» WORK INSTRUCTIONS: Drop every picture, then print the rest of the listing exactly as given.

======

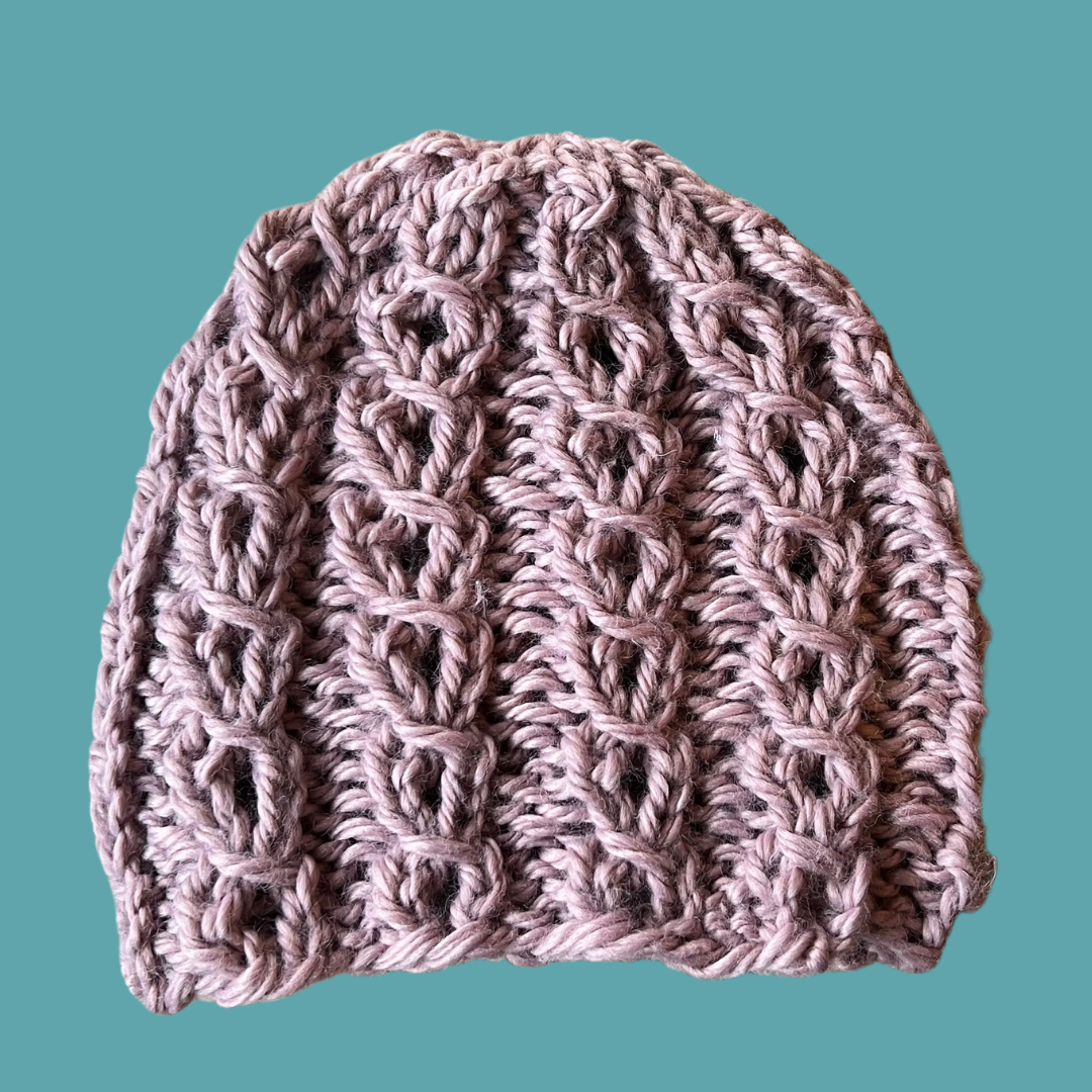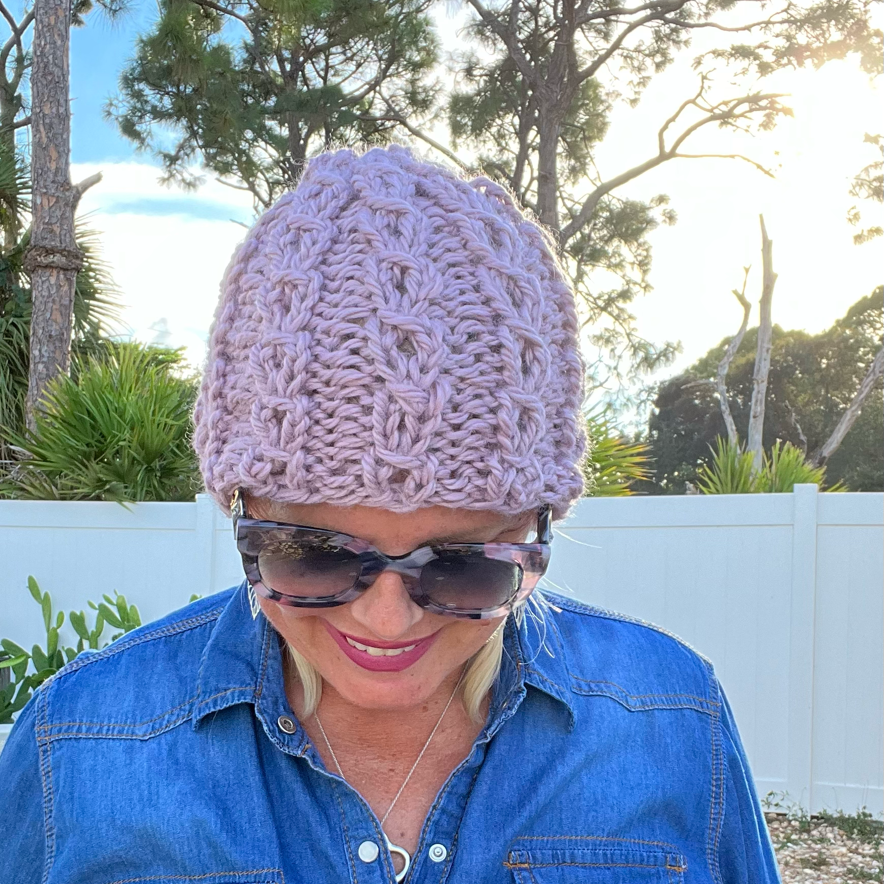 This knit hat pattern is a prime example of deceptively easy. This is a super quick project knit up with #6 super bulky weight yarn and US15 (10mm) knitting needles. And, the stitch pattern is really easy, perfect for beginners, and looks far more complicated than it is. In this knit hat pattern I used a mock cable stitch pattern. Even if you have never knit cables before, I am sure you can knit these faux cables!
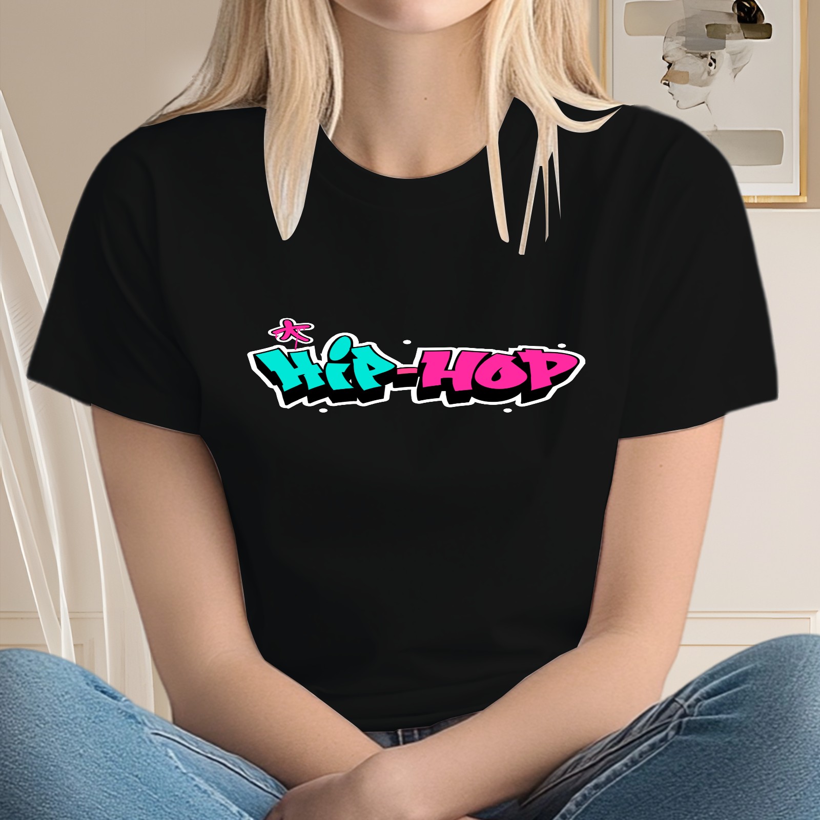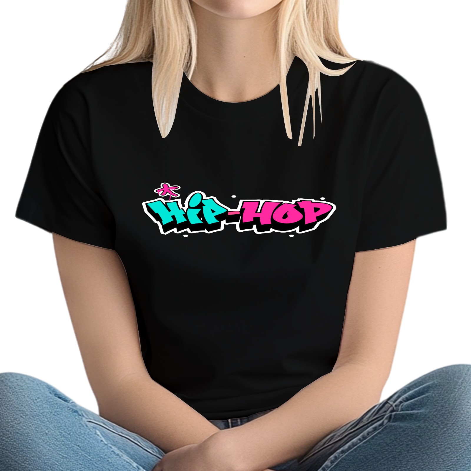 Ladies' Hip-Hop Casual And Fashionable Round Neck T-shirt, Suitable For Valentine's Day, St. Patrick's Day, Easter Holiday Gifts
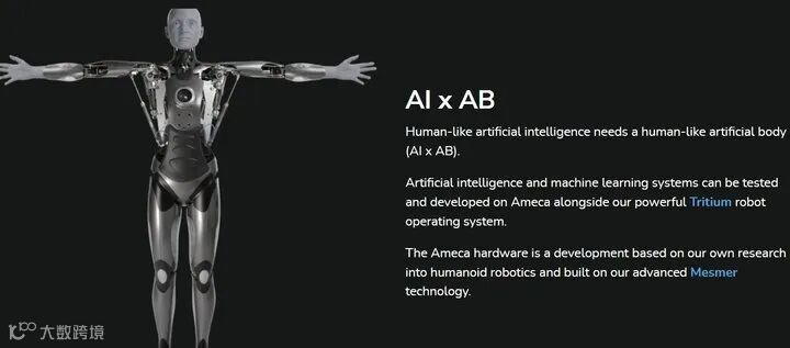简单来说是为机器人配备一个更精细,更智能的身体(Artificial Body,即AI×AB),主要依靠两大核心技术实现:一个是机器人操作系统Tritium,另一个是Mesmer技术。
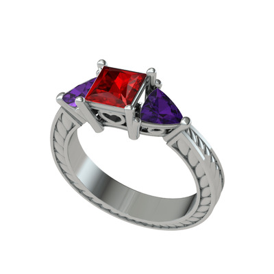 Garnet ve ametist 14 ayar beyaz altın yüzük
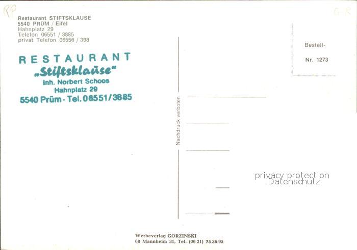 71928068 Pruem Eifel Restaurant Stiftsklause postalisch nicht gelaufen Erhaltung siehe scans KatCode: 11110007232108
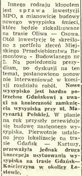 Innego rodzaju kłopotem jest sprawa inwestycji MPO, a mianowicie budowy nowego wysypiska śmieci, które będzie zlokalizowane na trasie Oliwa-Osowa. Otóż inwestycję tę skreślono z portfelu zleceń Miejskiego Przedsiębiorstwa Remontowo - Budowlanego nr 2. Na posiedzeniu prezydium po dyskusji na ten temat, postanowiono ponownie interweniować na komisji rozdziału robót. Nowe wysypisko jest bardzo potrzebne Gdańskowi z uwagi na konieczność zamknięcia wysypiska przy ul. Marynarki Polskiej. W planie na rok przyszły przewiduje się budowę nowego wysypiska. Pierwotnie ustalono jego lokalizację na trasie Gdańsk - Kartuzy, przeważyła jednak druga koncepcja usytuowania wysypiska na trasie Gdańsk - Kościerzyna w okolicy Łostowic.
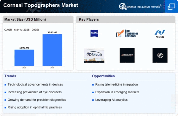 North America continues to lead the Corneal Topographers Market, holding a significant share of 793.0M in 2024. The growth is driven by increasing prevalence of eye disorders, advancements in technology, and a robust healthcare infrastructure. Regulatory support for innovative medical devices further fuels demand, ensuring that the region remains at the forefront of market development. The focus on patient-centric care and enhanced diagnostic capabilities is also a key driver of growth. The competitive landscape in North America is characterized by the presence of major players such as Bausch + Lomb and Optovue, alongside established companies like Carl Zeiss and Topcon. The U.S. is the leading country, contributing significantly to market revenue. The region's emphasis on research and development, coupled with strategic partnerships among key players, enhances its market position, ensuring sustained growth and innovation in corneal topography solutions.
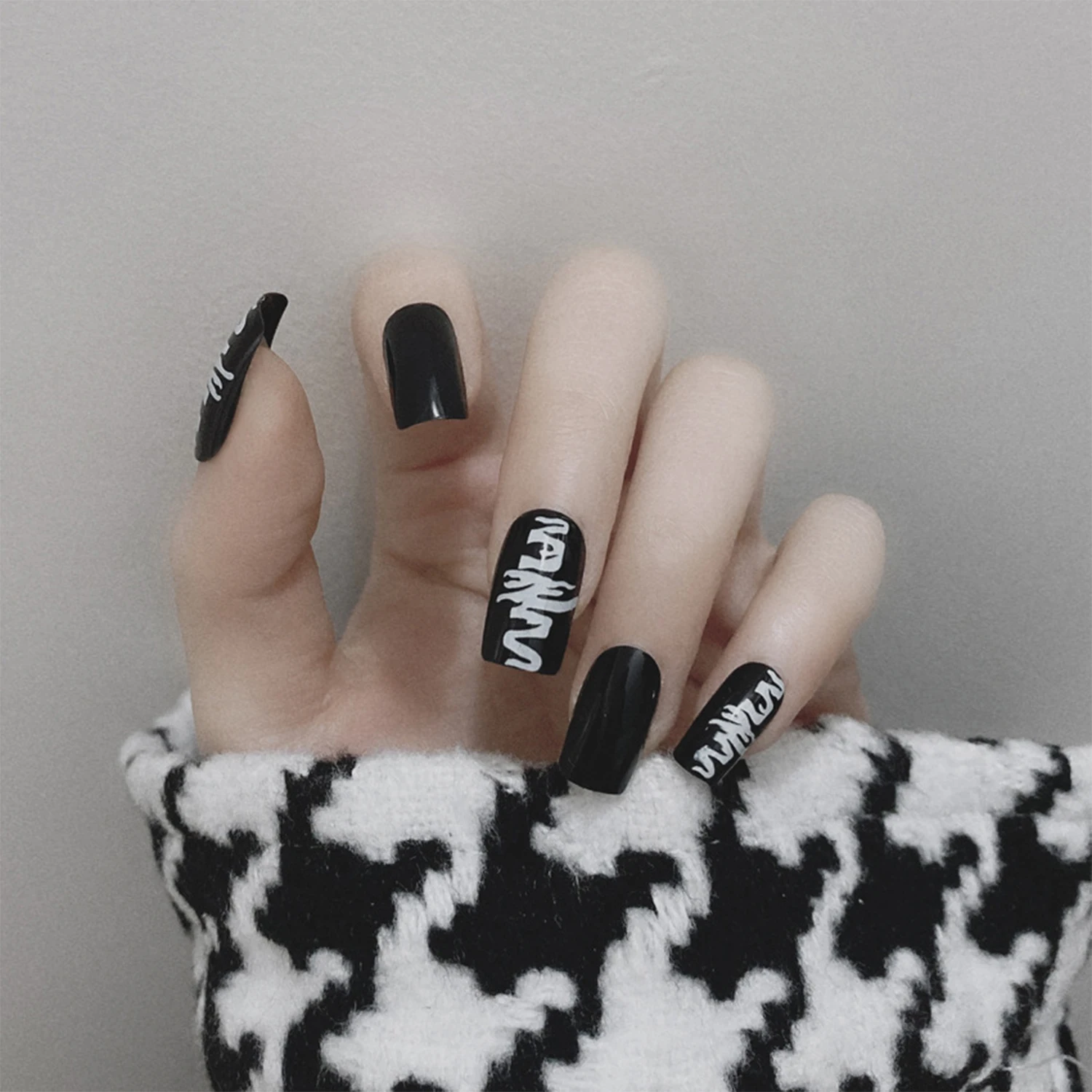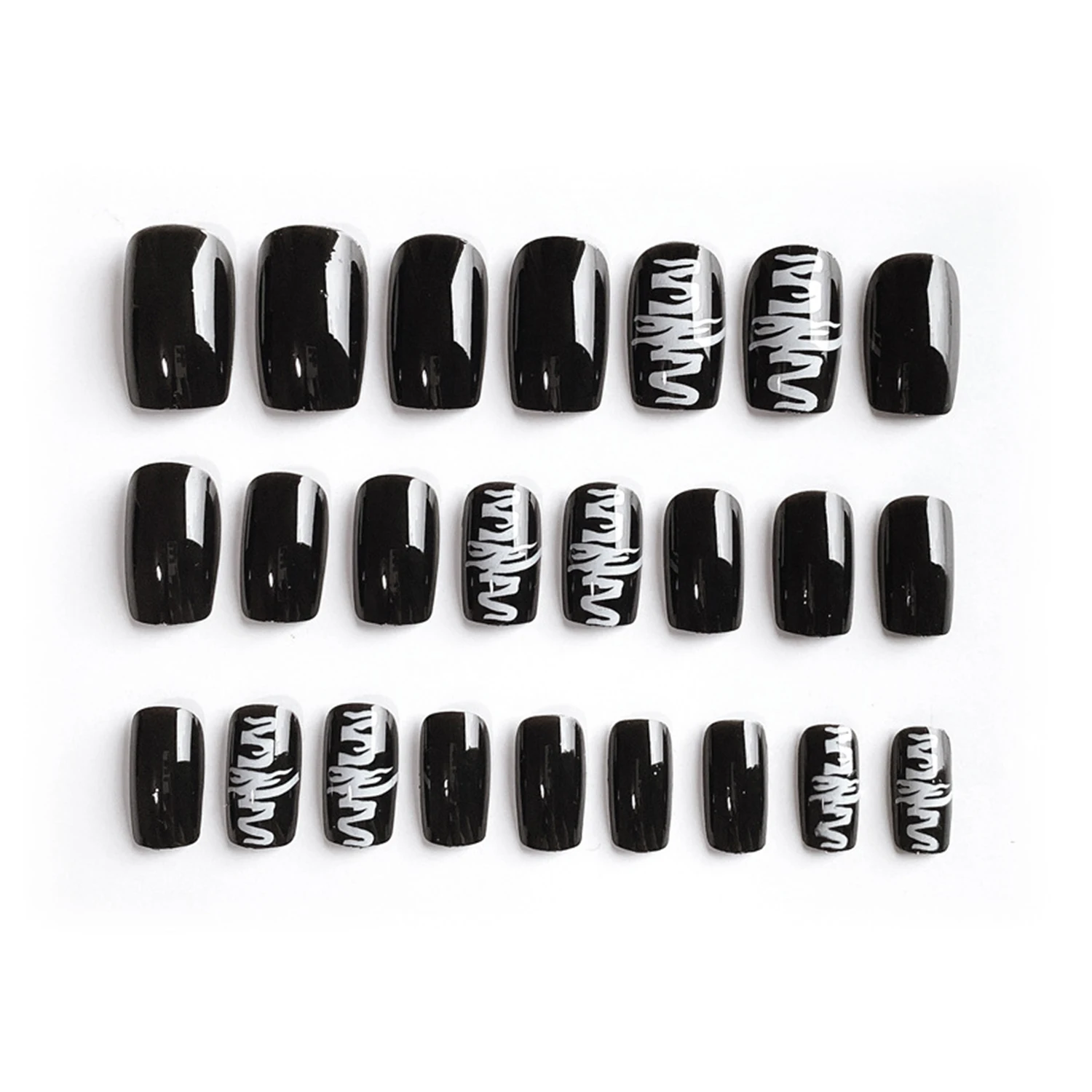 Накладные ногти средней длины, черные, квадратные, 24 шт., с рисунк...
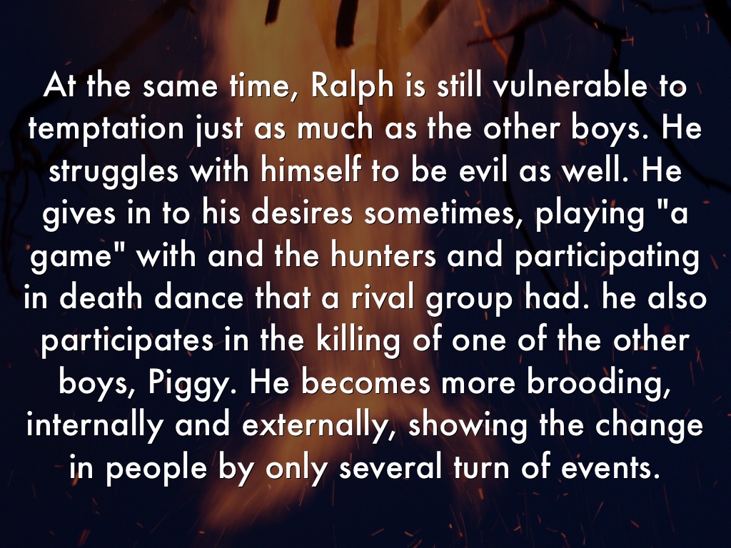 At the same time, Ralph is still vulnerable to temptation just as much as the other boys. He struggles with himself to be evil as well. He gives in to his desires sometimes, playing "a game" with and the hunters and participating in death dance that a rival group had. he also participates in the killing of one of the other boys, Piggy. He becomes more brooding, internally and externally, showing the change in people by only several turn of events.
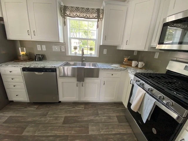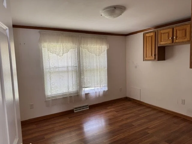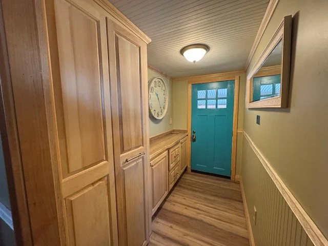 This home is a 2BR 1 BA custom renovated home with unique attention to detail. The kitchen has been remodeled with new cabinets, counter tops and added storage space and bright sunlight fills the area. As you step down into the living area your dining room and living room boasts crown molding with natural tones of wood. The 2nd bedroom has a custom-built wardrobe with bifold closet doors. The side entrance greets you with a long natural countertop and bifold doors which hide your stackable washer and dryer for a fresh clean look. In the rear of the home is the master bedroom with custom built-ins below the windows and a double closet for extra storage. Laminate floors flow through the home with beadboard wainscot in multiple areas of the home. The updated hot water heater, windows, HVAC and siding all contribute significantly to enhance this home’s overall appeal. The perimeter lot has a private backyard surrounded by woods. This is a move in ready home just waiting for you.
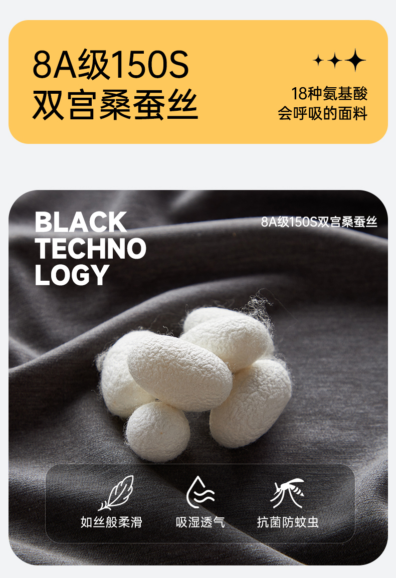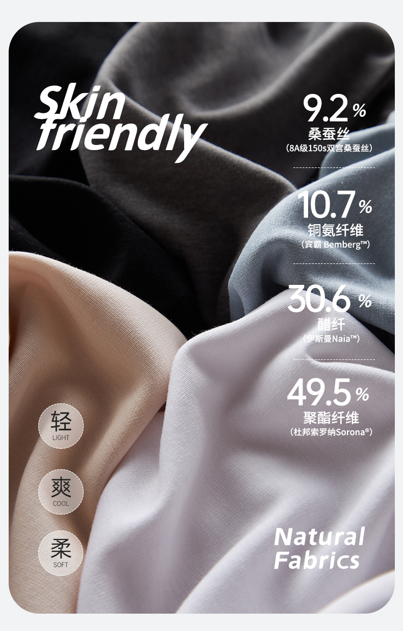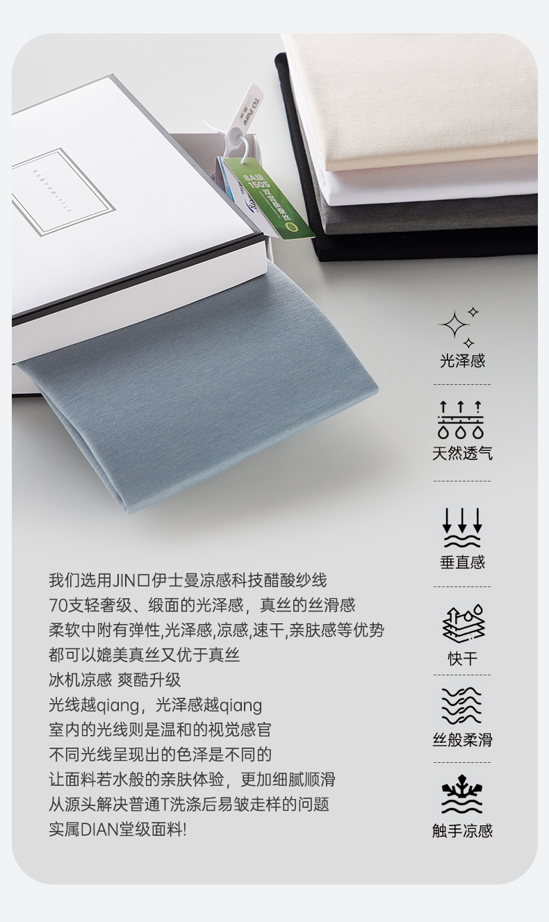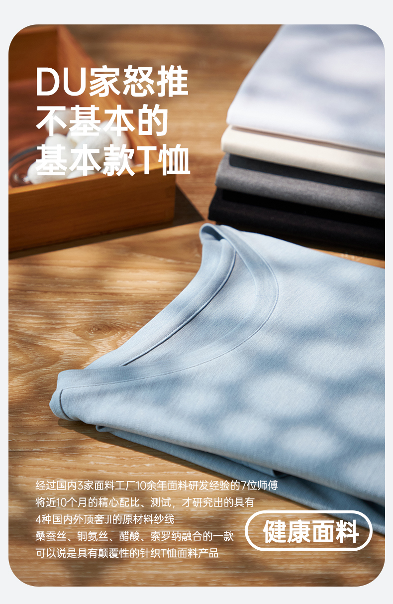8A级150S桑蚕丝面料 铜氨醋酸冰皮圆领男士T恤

======

» PROBLEM SOLUTION:
 This knit hat pattern is a prime example of deceptively easy. This is a super quick project knit up with #6 super bulky weight yarn and US15 (10mm) knitting needles. And, the stitch pattern is really easy, perfect for beginners, and looks far more complicated than it is. In this knit hat pattern I used a mock cable stitch pattern. Even if you have never knit cables before, I am sure you can knit these faux cables!
 Ladies' Hip-Hop Casual And Fashionable Round Neck T-shirt, Suitable For Valentine's Day, St. Patrick's Day, Easter Holiday Gifts
简单来说是为机器人配备一个更精细,更智能的身体(Artificial Body,即AI×AB),主要依靠两大核心技术实现:一个是机器人操作系统Tritium,另一个是Mesmer技术。
 Garnet ve ametist 14 ayar beyaz altın yüzük
 71928068 Pruem Eifel Restaurant Stiftsklause postalisch nicht gelaufen Erhaltung siehe scans KatCode: 11110007232108
 Innego rodzaju kłopotem jest sprawa inwestycji MPO, a mianowicie budowy nowego wysypiska śmieci, które będzie zlokalizowane na trasie Oliwa-Osowa. Otóż inwestycję tę skreślono z portfelu zleceń Miejskiego Przedsiębiorstwa Remontowo - Budowlanego nr 2. Na posiedzeniu prezydium po dyskusji na ten temat, postanowiono ponownie interweniować na komisji rozdziału robót. Nowe wysypisko jest bardzo potrzebne Gdańskowi z uwagi na konieczność zamknięcia wysypiska przy ul. Marynarki Polskiej. W planie na rok przyszły przewiduje się budowę nowego wysypiska. Pierwotnie ustalono jego lokalizację na trasie Gdańsk - Kartuzy, przeważyła jednak druga koncepcja usytuowania wysypiska na trasie Gdańsk - Kościerzyna w okolicy Łostowic.
 North America continues to lead the Corneal Topographers Market, holding a significant share of 793.0M in 2024. The growth is driven by increasing prevalence of eye disorders, advancements in technology, and a robust healthcare infrastructure. Regulatory support for innovative medical devices further fuels demand, ensuring that the region remains at the forefront of market development. The focus on patient-centric care and enhanced diagnostic capabilities is also a key driver of growth. The competitive landscape in North America is characterized by the presence of major players such as Bausch + Lomb and Optovue, alongside established companies like Carl Zeiss and Topcon. The U.S. is the leading country, contributing significantly to market revenue. The region's emphasis on research and development, coupled with strategic partnerships among key players, enhances its market position, ensuring sustained growth and innovation in corneal topography solutions.
 Накладные ногти средней длины, черные, квадратные, 24 шт., с рисунк...
 At the same time, Ralph is still vulnerable to temptation just as much as the other boys. He struggles with himself to be evil as well. He gives in to his desires sometimes, playing "a game" with and the hunters and participating in death dance that a rival group had. he also participates in the killing of one of the other boys, Piggy. He becomes more brooding, internally and externally, showing the change in people by only several turn of events.
 This home is a 2BR 1 BA custom renovated home with unique attention to detail. The kitchen has been remodeled with new cabinets, counter tops and added storage space and bright sunlight fills the area. As you step down into the living area your dining room and living room boasts crown molding with natural tones of wood. The 2nd bedroom has a custom-built wardrobe with bifold closet doors. The side entrance greets you with a long natural countertop and bifold doors which hide your stackable washer and dryer for a fresh clean look. In the rear of the home is the master bedroom with custom built-ins below the windows and a double closet for extra storage. Laminate floors flow through the home with beadboard wainscot in multiple areas of the home. The updated hot water heater, windows, HVAC and siding all contribute significantly to enhance this home’s overall appeal. The perimeter lot has a private backyard surrounded by woods. This is a move in ready home just waiting for you.
8A级150S桑蚕丝面料 铜氨醋酸冰皮圆领男士T恤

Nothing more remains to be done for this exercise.